Linda, all spam could be sent through am empty hole in the time-space continuum, preferebably to the ice age.
Jana, I'm not sure if the inhabitants of Jane would like to be informed that a company on Earth has named their planet.
Black Widow, you're right there.
Ellee, I think you're right about Abeeg Frawd.
Christie, Deltans in the 24th Century are condidered quite attractive. Britney might be an exception.
Professor, yes, it does explain a lot.
Barbara, maybe Britney the Deltan will show up again? Wait and see!
Captain Picard, can't you just put up the shields? After all, it is a kind of attack...isn't it?
Abeeg Frawd! LOL I get e-mails from him all the time!!

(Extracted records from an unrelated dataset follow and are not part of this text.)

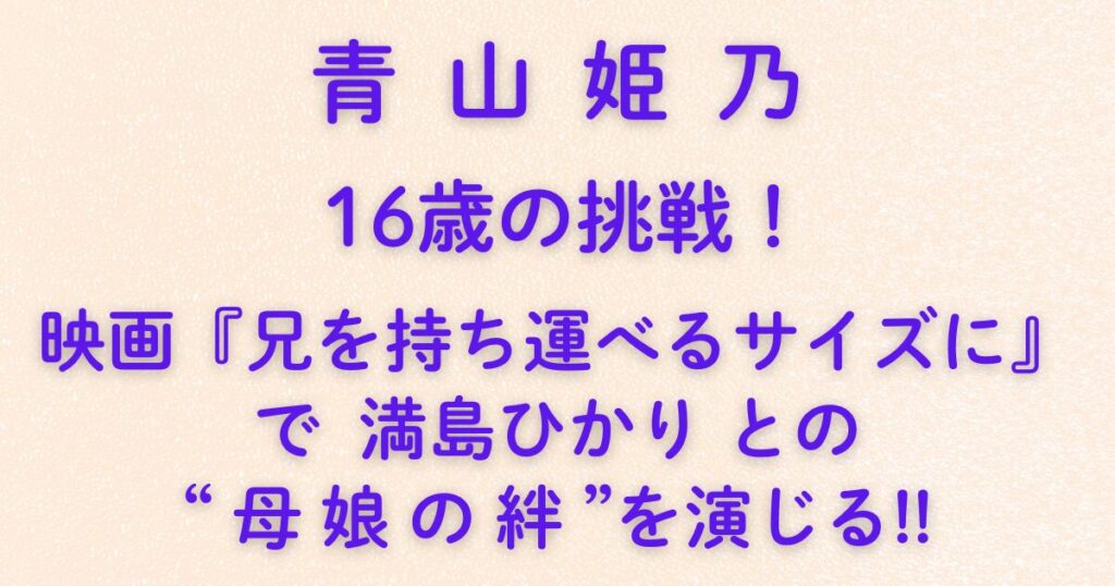 青山姫乃、16歳の挑戦!映画『兄を持ち運べるサイズに』で満島ひかりとの“母娘の絆”を演じる!!山形県出身の16歳、青山姫乃(あおやま・ひめの)さんが、ついにスクリーンデビュー! 2025年11月公開の映画『兄を持ち運べるサイズに』(監督:中野量太)で、満島ひかりさん演じる母の娘・満里奈役を熱演します。 ニコラモデルとして注目を集めていた彼...
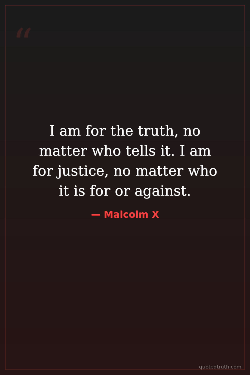 I am for the truth, no matter who tells it. I am for justice, no matter who it is for or against.
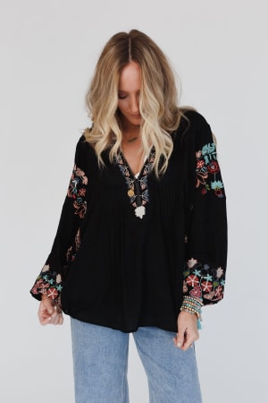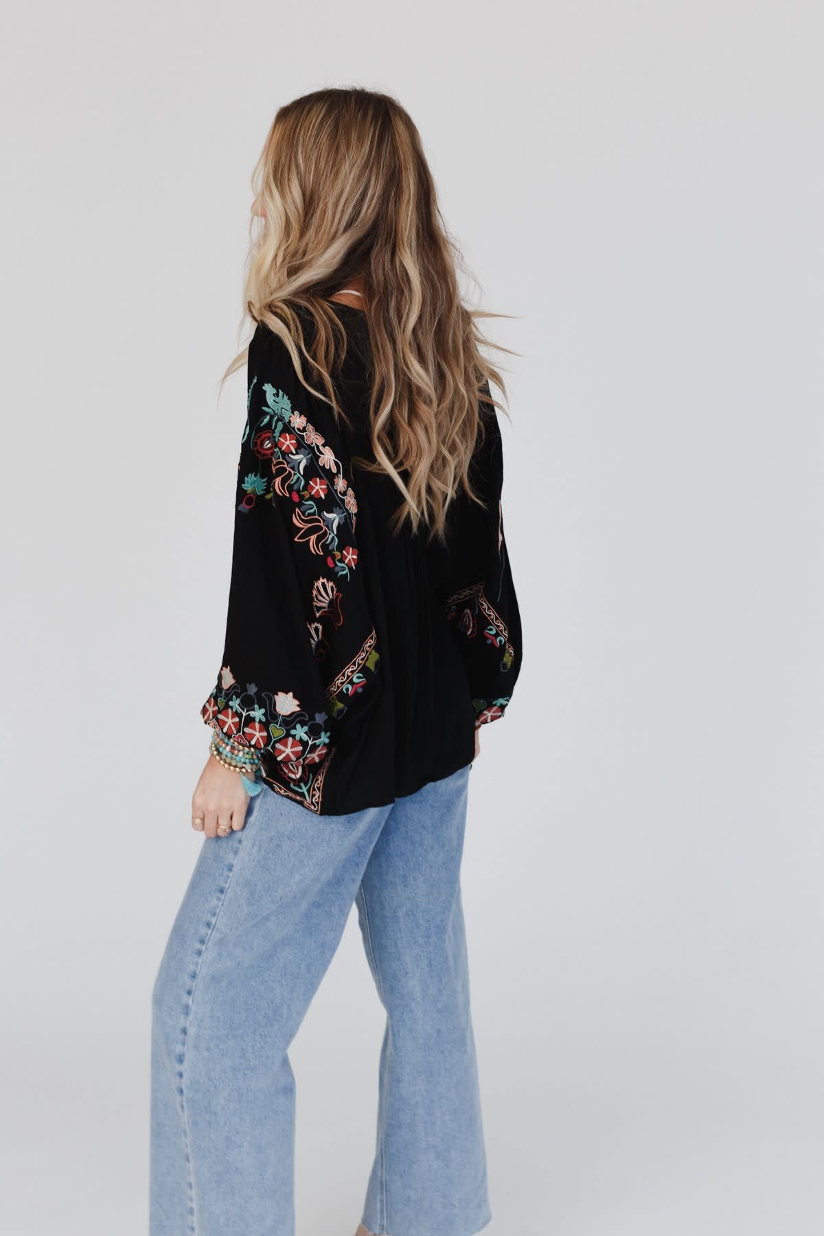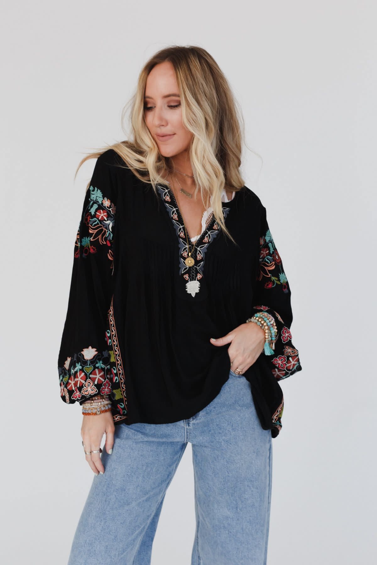 The beautiful and lightweight Frida Embroidered Dolman Sleeve Top is a must-have addition to your boho wardrobe!

Wait wait wait, spam (the food) is dangerous? What's wrong with pork shoulder and ham injected into a metal can and what do Hawaiians eat now that it's gone?
I just knew Brittney was not human and I know she eats spam.
Spam should be eliminated in all time frames. It is useless brain slime and should be eradicated with extreme prejudice. I care not for the promise of strange jelly pleasure rings and increasing size and girth to personal body parts. Especially mine! I am female! Grrrr....:o)~
Well Britney is certainly going through a bad time right now, I have written about her today in fact. Who knows what will happen to her.
LOL at the pic of Britney, that is just too funny.
Jon, Spam was declared dangerous in the early 24th Century.
Squirrel, we ALL get messages from Mr Frawd.
Windwhisperer, even the shields at maximum can't prevent spam coming.
Can't spam be used to fill worm holes?